史郎が明日花を訪ねてきたのはつい先ほどのこと。前々から、城内で瑠衣がしている事に探りを入れてきていた史郎に確信をつかれ、仕方なく演習場へ案内をする事となったのだが、「多分途中に瑠衣ちゃんを付けてきた不審者が居るから拾っていこう」と史郎に言われていたのだ。
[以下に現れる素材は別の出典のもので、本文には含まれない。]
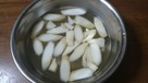 皮を剥いた山うどを切り、酢入りの水に30分くらいつけた後、水分を拭き取る。
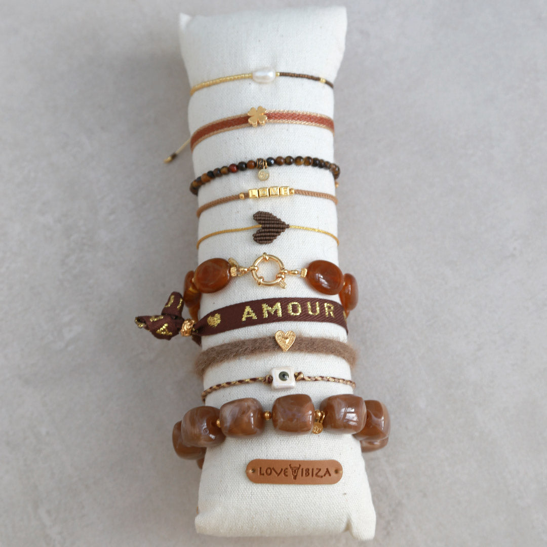 Display kussentje met de 12 'evil eye keeps you safe' armbandjes
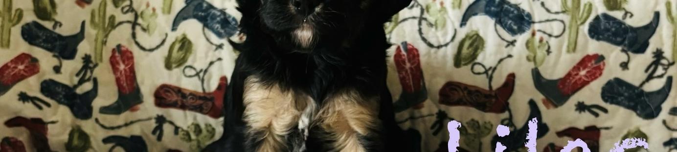 Odie is our lovable, energetic black and tan phantom poodle. At only 8 pounds. He is the perfect size to cuddle up with you on the couch. His favorite things to do are go to livestock shows and run around the farm. His happy-go-lucky and sweet personality is passed on to all of his pups.
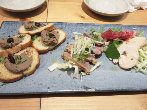白肝のレバーペースト・鴨のグリル・豚の首肉を使った生ハムのコッパ・鶏ムネの自家製ハムです。
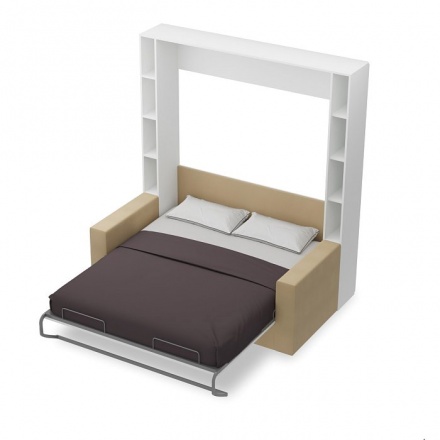 В сложенном виде это шкаф с диваном, в разложенном - кровать. Ширину дивана и шкафа можно выбрать при заказе. Обратите внимание - при ширине 132 см диван имеет одну приспинную подушку, спальное место 90 см по ширине. При ширине 182 и 202 см - диван имеет 2 подушки (как показано на фото).
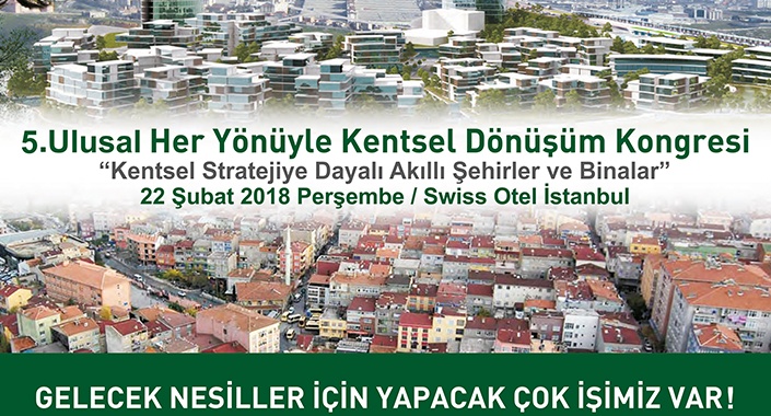 Kentsel dönüşüm sürecini daha iyi bir şekilde anlatmak amacıyla yola çıkan “5. Ulusal Her Yönüyle Kentsel Dönüşüm Kongresi”, ‘Kentsel Strateji Doğrultusunda Akıllı Şehirler ve Binalar’ başlığı altında 22 Şubat 2018 Perşembe günü Swiss Hotel İstanbul’da düzenlenecek.
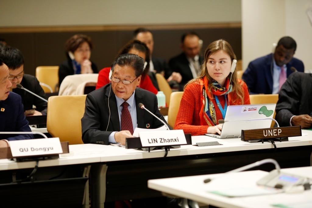 2019年4月18日,在位于紐約的聯(lián)合國總部,林占熺(前排中)在“菌草技術(shù):‘一帶一路’倡議對(duì)促進(jìn)落實(shí)聯(lián)合國2030年可持續(xù)發(fā)展議程的實(shí)質(zhì)性貢獻(xiàn)”專題研討會(huì)上發(fā)言。新華社記者 李木子 攝
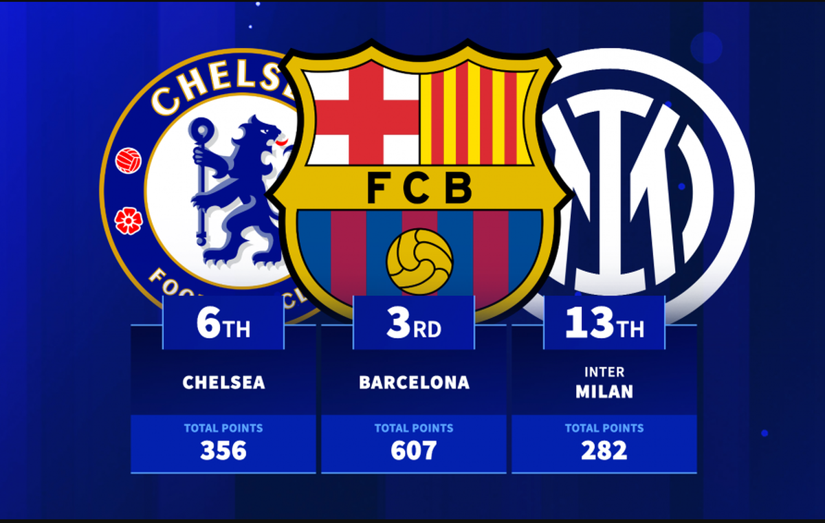 در صدر این جدول، رئال مادرید قرار دارد؛ تیمی با ۶۶۱ امتیاز از ۳۳۱ بازی که با اختلافی بیش از ۵۰ امتیاز نسبت به نزدیکترین تعقیبکننده، بهعنوان پادشاه بلامنازع اروپا شناخته میشود. پس از آن، بایرن مونیخ با ۶۰۹ امتیاز از ۳۰۸ بازی و بارسلونا با ۶۰۷ امتیاز از ۳۰۹ بازی به ترتیب در رتبههای دوم و سوم قرار دارند.
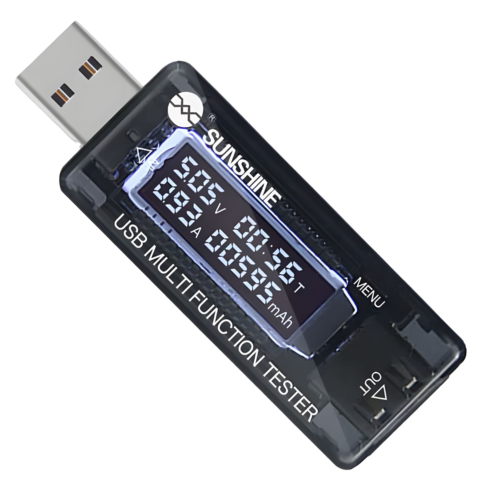 Компактный многофункциональный USB тестер Sunshine SS-302A предназначен для оперативного и точного контроля параметров зарядки мобильных устройств. Устройство пригодится в мастерской, в магазине мобильной техники и для домашнего использования — при проверке зарядніх устройств, кабелей, повербанков и реальной ёмкости аккумуляторов.
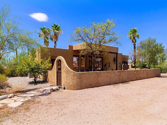 Stunning Superstition Mountain views are yours from the extended covered patio of this special Santa Fe home. This three bedroom, two bath home on 1.25 acres has it all!! Open split floor plan, large windows, tile throughout, new roof, sparkling pool, relaxing sunroom, RV canopy AND NO HOA! Kitchen features large island and newer appliances. The custom chicken yard 🐔🐔is perfect for multiple coops or small animals. Grandfathered 8x15 shipping container is perfect extra storage...Enjoy amazing sunrises and sunsets, hike, horseback ride or just soak in the spectacular views and desert that surround this unique property.
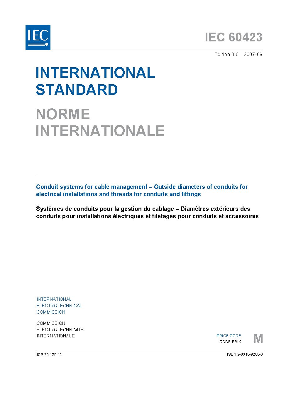 IEC 60423:2007 Conduit systems for cable management - Outside diameters of conduits for electrical installations and threads for conduits and fittings
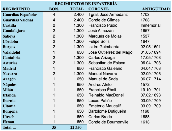 Todos estos esfuerzos lograron que a mediados de junio de 1718 se hubiera reunido un ejército expedicionario formado por unos 29.000 soldados encuadrados en 35 batallones de Infantería y 48 escuadrones de Caballería y Dragones pertenecientes a 36 regimientos.
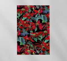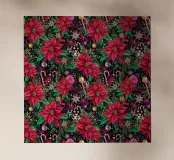 Un motivo natalizio ricco e festoso, caratterizzato da vivaci stelle di Natale rosse, bastoncini di zucchero, ornamenti, rami sempreverdi e accenti dorati su uno sfondo scuro. Questo sofisticato disegno natalizio combina i tradizionali elementi botanici del Natale con un'estetica moderna e lunatica per un elegante look stagionale.
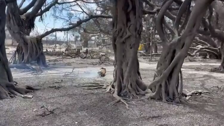 Пожары на Гавайях может погубить одной из главных достопримечательностей Лахайны - 150-летнее баньяновое дерево. Оно почернело от сажи, его ветви обуглились.

「僕がちゃんと許可取って来るっていってるのに、これだもんね。少しくらい待てないのかね。」
「・・・この方の過保護さは身にしみておりますし、瑠衣からも聞いていますから、何も言えませんわ。」
そんな二人の小言を気にする様子もなく、翔は登っていた木からサッと降りて来た。
「向こうで何かやっている。行くぞ史郎。」
「いや、だから。明日花嬢がちゃんと案内してくれるってば。」
「・・・これでよく、長年旅を続けてこられましたわね。」
「普段はもう少しまともなんだよ。瑠衣ちゃんが関わると・・・コレ。」
「先生のご苦労が伺えますわ・・・。」
「ははは。初めて言われたよ。」
さっさと先を行く翔の後ろを、明日花と史郎が呆れながらついて行った。
『萌生には、先生方が感づいていることを伝えて、しばらく体術の特訓にするよう話してありまから、魔法が見つかることはないはずですわ・・・』
魔法の訓練が見つかれば、萌生を失いかねない。その時は、瑠衣を脅しの種にしてでも二人を説得しよう。そんな事はしたくないけれど、万が一の事を考えながら歩く演習場への道はなんだかいつもよりも長く感じた。
***
「はっ、やぁ、とぅ!!」
「・・・あっ・・・わぁっ」
萌生から突きつけられる拳を、瑠衣は何とか躱していた。しかし、躱しきれずに拳が掠め、そのまま体制を崩して倒れ込む。
「大丈夫ですか?」
「はい。大丈夫です。はぁ・・・今のは引きが甘かったですね。なんか、倒れそうになって上手く捻れないんですよね・・・。筋力不足を痛感します。ここを支える筋力が欲しい!!」
「仕方ないですよ。むしろ今まで経験が無いことを考えますと、成長は著しいです。」
「なら、いいんですけど。もう一本いいですか?」
「はい。・・・と、言いたい所なのですが。」
「??」
困ったように顔を上げた萌生の目線を追う瑠衣。そこには神妙な顔の翔が立っていた。
「兄・・・様・・・」
「瑠衣、何をしているんだ?」
「兄様、今日はお仕事では?」
「瑠衣こそ店を出しているようには見えないが?」
「・・・。」
「何を、しているんだ?」
「萌生さんに稽古をつけていただいていたんです。」
「何故?」
「・・・私も、戦場に立てるようになりたくて。」
「戦場だと?」
翔の渋面がより深くなっていく。
そのただならぬ気配におののいてか、明日花や萌生がそっと一本引き下がっていく。けれど、逆に瑠衣は引かず、言うなら今しかないと覚悟を決めた。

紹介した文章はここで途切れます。